Nathaniel Cross sits in the farthest corner of the university library—his favorite spot, right beneath the stained-glass window depicting St. George and the dragon. The colors ripple faintly across his notes, refracting through rainwater streaking the glass. He's surrounded by engineering manuals, topology diagrams, and—secretly—two medieval manuscripts written in a language no one could translate.
Theo sprawls across the seat opposite him, half asleep, a stack of books under his arm. "You know," he mutters, rubbing his eyes, "for a guy who nearly got blasted into the next century, you study way too much."
Nathaniel doesn't look up. "Progress doesn't stop for curses."
Theo groans. "You say that like it's a thesis statement."
"Maybe it is." He flips a page, pencil scratching quietly. "And we're still engineers, aren't we?"
Theo smirks, but there's a tremor beneath the humor. "Barely."
The upper floors of the King's College library are older than most of London itself. Dust settles like memory, thick and reverent. Shelves lean slightly under the weight of forgotten knowledge. The air feels different here—heavier, thinner, humming faintly with energy Nathaniel can't name.
Theo sets down a thick tome, bound in cracked leather. "Look at this. Chronicles of the Blood Divided. Sounds promising, yeah?"
Nathaniel arches an eyebrow. "That's in medieval Old Latin. You can't even read that."
Theo grins sheepishly. "True. But it looks important."
Nathaniel sighs. "Then why bring it?"
"Because everything else is garbage. The only things close to 'half-curse' or 'half-vampire' are in dead languages."
Nathaniel flips through the brittle pages anyway. Strange sigils twist across the parchment—curved lines that shimmer faintly when his fingers hover above them. He doesn't touch directly. He's learned not to.
As the candlelight flickers, the ink seems to breathe, forming words for a heartbeat before fading again. His pulse quickens.
Theo notices. "You saw that too, didn't you?"
Nathaniel nods slowly. "It reacts to blood."
Theo leans back, eyes wide. "How do you even know that?"
Nathaniel's tone darkens. "Because it's how her family's texts worked."

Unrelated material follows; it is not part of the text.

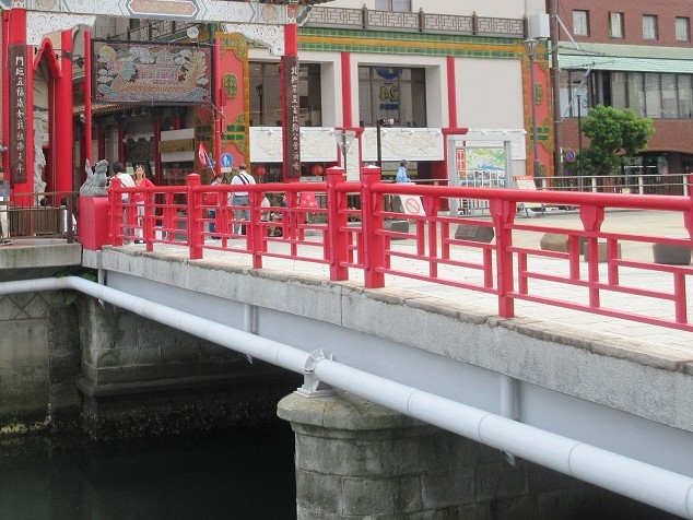 長崎の新地中華街に手前、川に架かる橋が新地橋です。長崎でも浜町という繁華街に近く、大勢の買い物客や観光客がこの橋を行きかっていました。赤く塗られた欄干がとても印象的でした。この橋から川面を見ると、干潮と満ち潮で水位が大きく変わることを見て取ることができ、興味深く感じられました。

Theo falls silent. He doesn't need to say her name. Eris.
The library clock chimes softly above them—each note like a drop of time dissolving into eternity.
They try for hours, moving between tables piled with ancient references. The librarian has long since gone home; only the faint hum of electric lamps remains. Theo, armed with a notebook and a pot of coffee, mutters every Latin fragment aloud.
"Sanguinem partitum... lumen fractum... cor duplicatum."
He frowns. "Blood divided... light fractured... heart doubled. That's poetic nonsense."
Nathaniel, who has been sketching equations absentmindedly on the margins, stops cold. "Wait. Heart doubled?"
Theo looks up. "Yeah. Why?"
Nathaniel slowly flips to a clean page and draws two overlapping circles—one black, one white—meeting at the center. "If a vampire's curse is darkness and a human's soul is light, then a half-blood's essence would... resonate. Two energies, coexisting, trying not to consume each other."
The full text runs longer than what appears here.